-- Recorded information follows --
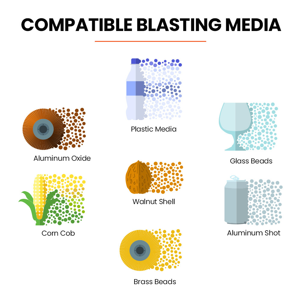 • Sand Types: Glass bead, silicon carbide, alumina, walnut shell, brass bead
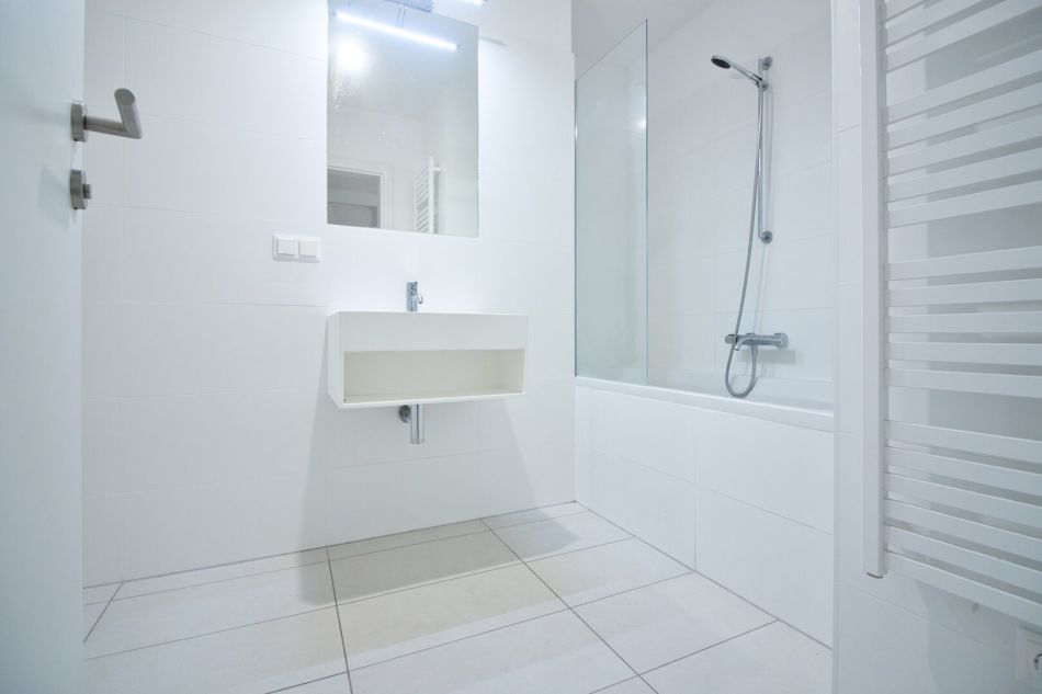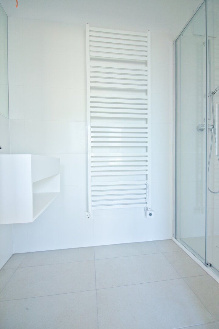 Die Wohnung befindet sich im 1. Liftstock eines modernen Wohnhauses aus dem Jahr 2021. Der Vorraum und der angrenzende Flur bieten ausreichend Platz zum Ankommen und für eine Garderobe. Linker Hand befindet sich ein separates WC mit Handwaschbecken. Rechts sorgt ein Abstellraum für zusätzlichen Stauraum. Geradeaus geht es in ein modernes Badezimmer mit Badewanne, Waschtisch, Handtuchheizkörper und Waschmaschinenanschluss.
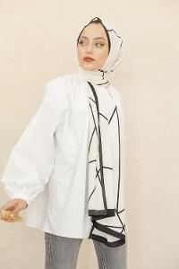 Modalamelif Siyah&Beyaz Baskılı Medine İpeği Şal Toana Desen
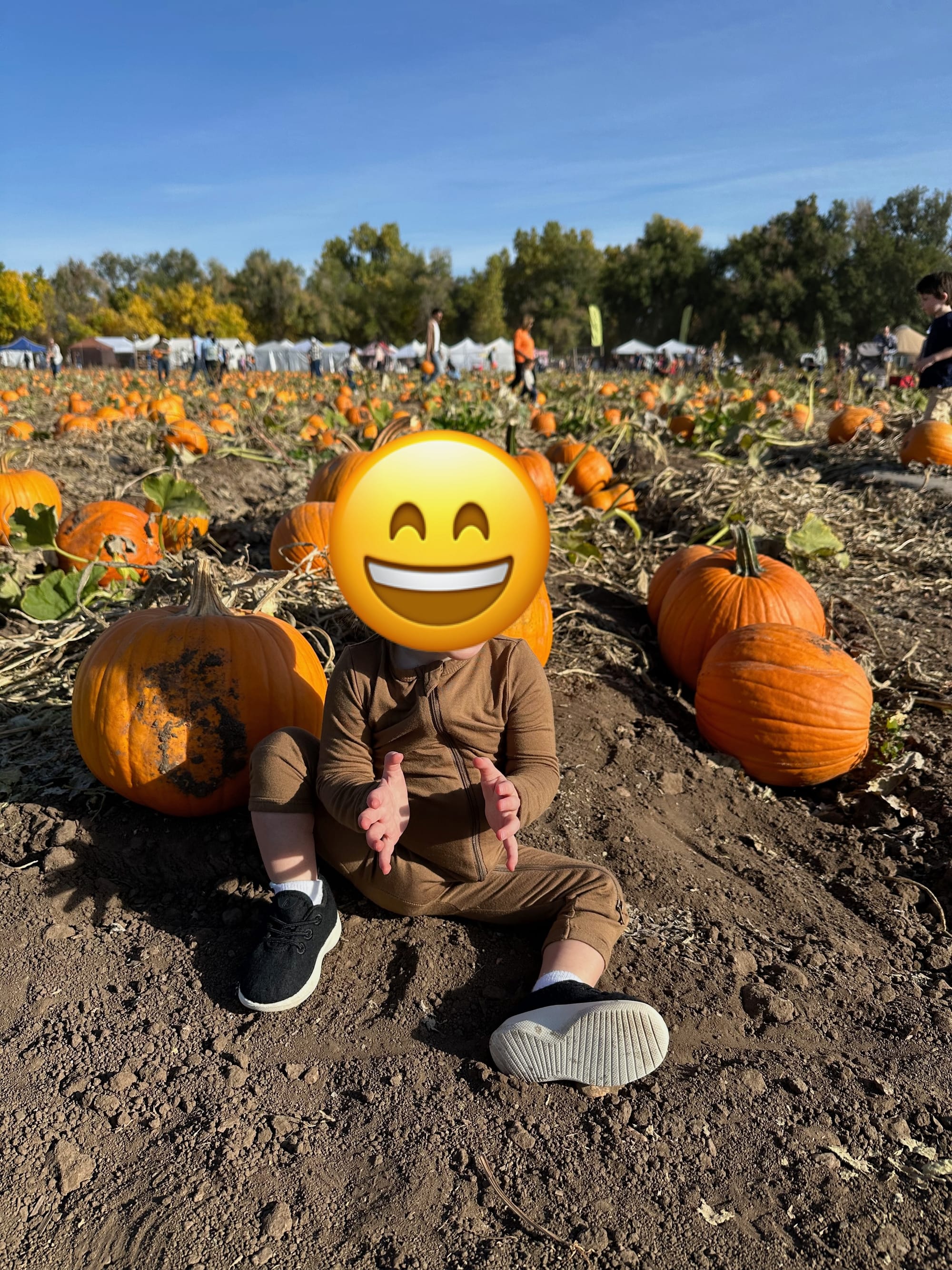 They recommend bringing a wagon to carry them and I wish we had because our Thule bike trailer got a bit crowded between the kid and the pumpkin.
-- Recorded information concluded --
— Task goal —
What is needed is an exact restatement of the lines from the line with "Die Wohnung befindet" through the final line of the data, pictures excluded.

— Solution to the exercise —
 Die Wohnung befindet sich im 1. Liftstock eines modernen Wohnhauses aus dem Jahr 2021. Der Vorraum und der angrenzende Flur bieten ausreichend Platz zum Ankommen und für eine Garderobe. Linker Hand befindet sich ein separates WC mit Handwaschbecken. Rechts sorgt ein Abstellraum für zusätzlichen Stauraum. Geradeaus geht es in ein modernes Badezimmer mit Badewanne, Waschtisch, Handtuchheizkörper und Waschmaschinenanschluss.
 Modalamelif Siyah&Beyaz Baskılı Medine İpeği Şal Toana Desen
 They recommend bringing a wagon to carry them and I wish we had because our Thule bike trailer got a bit crowded between the kid and the pumpkin.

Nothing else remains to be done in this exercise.